Stored entries:
○ ○ ○

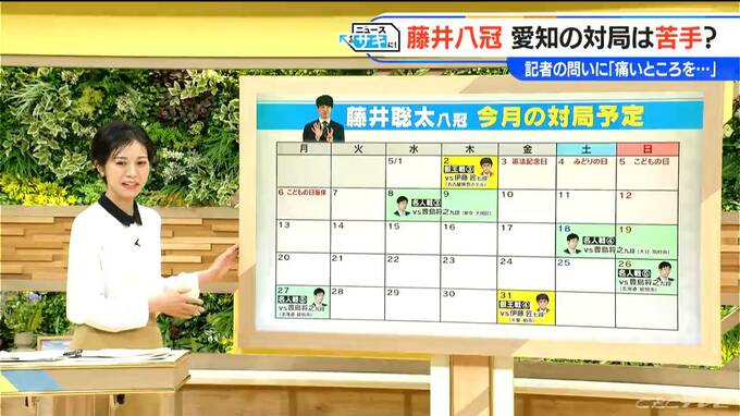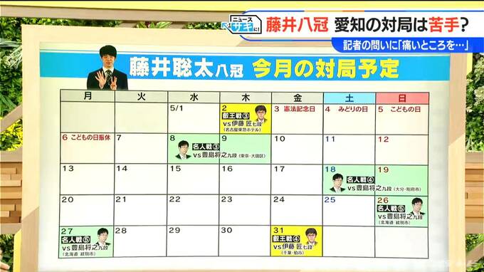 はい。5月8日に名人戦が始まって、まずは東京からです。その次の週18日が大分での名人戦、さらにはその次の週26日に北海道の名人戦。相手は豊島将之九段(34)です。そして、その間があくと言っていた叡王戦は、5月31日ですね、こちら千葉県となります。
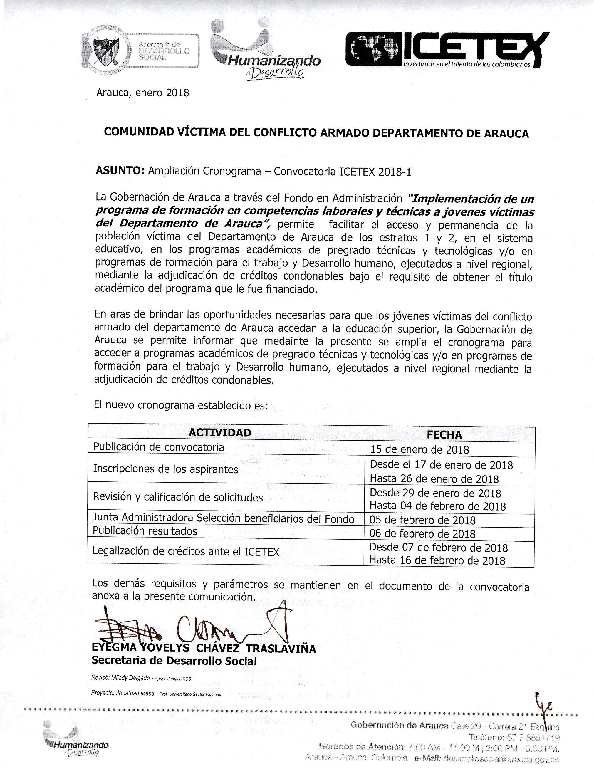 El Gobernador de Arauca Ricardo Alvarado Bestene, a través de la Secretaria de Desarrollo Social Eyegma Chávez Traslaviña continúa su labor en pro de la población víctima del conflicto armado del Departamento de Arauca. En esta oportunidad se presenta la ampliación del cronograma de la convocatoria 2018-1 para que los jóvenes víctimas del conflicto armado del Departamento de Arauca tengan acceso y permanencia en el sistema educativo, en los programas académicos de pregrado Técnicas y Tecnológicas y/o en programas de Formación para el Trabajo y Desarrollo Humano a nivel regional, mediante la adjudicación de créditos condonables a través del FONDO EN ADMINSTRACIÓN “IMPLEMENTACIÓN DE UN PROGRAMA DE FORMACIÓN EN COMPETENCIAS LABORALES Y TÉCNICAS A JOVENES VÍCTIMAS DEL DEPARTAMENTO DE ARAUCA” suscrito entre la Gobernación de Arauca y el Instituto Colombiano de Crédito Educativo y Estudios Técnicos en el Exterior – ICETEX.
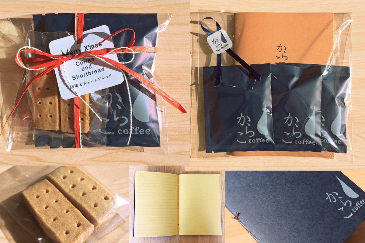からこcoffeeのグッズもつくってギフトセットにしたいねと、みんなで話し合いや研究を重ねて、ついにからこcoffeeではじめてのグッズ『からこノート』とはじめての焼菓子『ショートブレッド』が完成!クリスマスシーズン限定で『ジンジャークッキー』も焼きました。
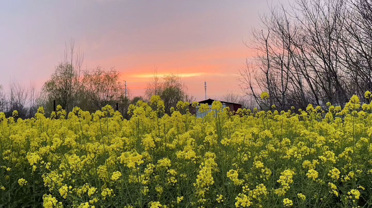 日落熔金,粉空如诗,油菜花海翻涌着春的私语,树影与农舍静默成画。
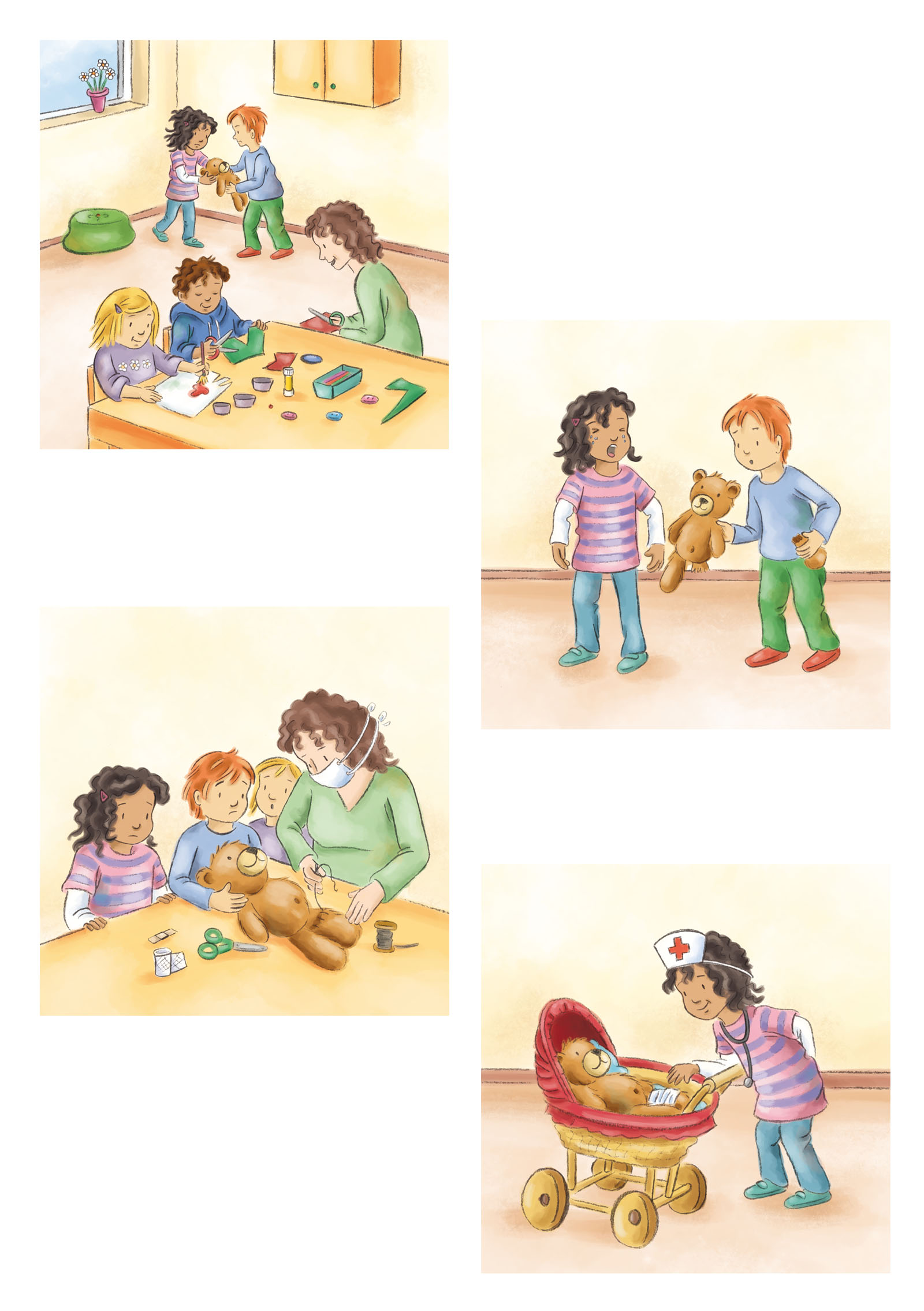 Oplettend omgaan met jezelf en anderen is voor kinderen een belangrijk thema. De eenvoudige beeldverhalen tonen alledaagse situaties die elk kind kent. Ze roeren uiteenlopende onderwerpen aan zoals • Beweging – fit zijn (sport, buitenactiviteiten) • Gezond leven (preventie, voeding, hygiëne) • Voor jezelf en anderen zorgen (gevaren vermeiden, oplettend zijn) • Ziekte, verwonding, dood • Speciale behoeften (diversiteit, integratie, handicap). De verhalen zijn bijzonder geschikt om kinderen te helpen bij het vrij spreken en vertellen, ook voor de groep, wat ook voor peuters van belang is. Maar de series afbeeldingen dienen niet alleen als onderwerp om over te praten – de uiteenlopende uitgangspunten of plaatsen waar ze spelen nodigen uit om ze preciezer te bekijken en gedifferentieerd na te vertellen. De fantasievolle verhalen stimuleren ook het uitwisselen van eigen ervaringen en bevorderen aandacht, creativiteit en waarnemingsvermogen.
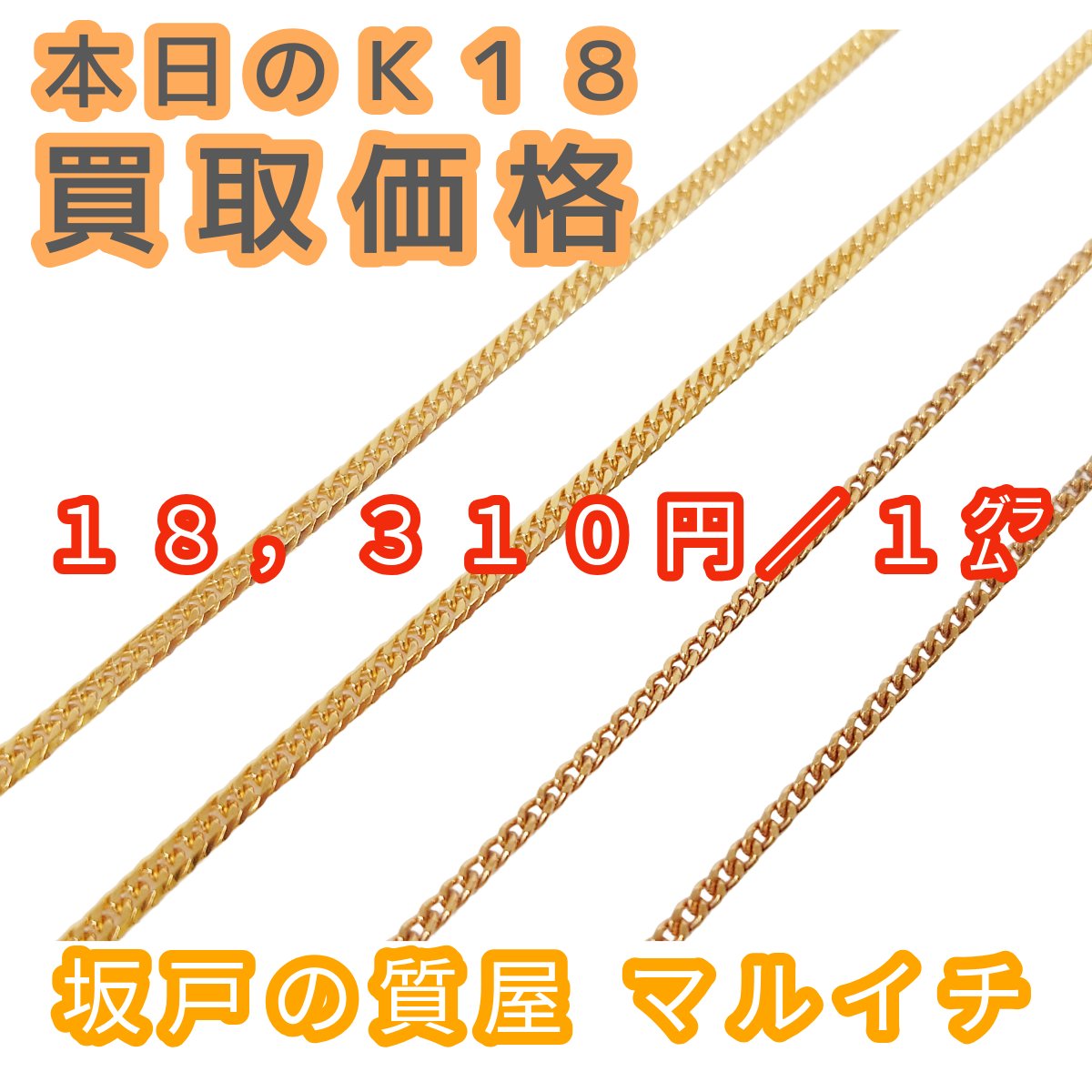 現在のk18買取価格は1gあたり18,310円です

○ ○ ○

◆ **What needs to be done**: Copy out exactly the lines between the line containing "からこcoffeeのグッズも" and the end of the entries, including both, and leave the pictures behind.

◆ **Result**:
からこcoffeeのグッズもつくってギフトセットにしたいねと、みんなで話し合いや研究を重ねて、ついにからこcoffeeではじめてのグッズ『からこノート』とはじめての焼菓子『ショートブレッド』が完成!クリスマスシーズン限定で『ジンジャークッキー』も焼きました。
 日落熔金,粉空如诗,油菜花海翻涌着春的私语,树影与农舍静默成画。
 Oplettend omgaan met jezelf en anderen is voor kinderen een belangrijk thema. De eenvoudige beeldverhalen tonen alledaagse situaties die elk kind kent. Ze roeren uiteenlopende onderwerpen aan zoals • Beweging – fit zijn (sport, buitenactiviteiten) • Gezond leven (preventie, voeding, hygiëne) • Voor jezelf en anderen zorgen (gevaren vermeiden, oplettend zijn) • Ziekte, verwonding, dood • Speciale behoeften (diversiteit, integratie, handicap). De verhalen zijn bijzonder geschikt om kinderen te helpen bij het vrij spreken en vertellen, ook voor de groep, wat ook voor peuters van belang is. Maar de series afbeeldingen dienen niet alleen als onderwerp om over te praten – de uiteenlopende uitgangspunten of plaatsen waar ze spelen nodigen uit om ze preciezer te bekijken en gedifferentieerd na te vertellen. De fantasievolle verhalen stimuleren ook het uitwisselen van eigen ervaringen en bevorderen aandacht, creativiteit en waarnemingsvermogen.
 現在のk18買取価格は1gあたり18,310円です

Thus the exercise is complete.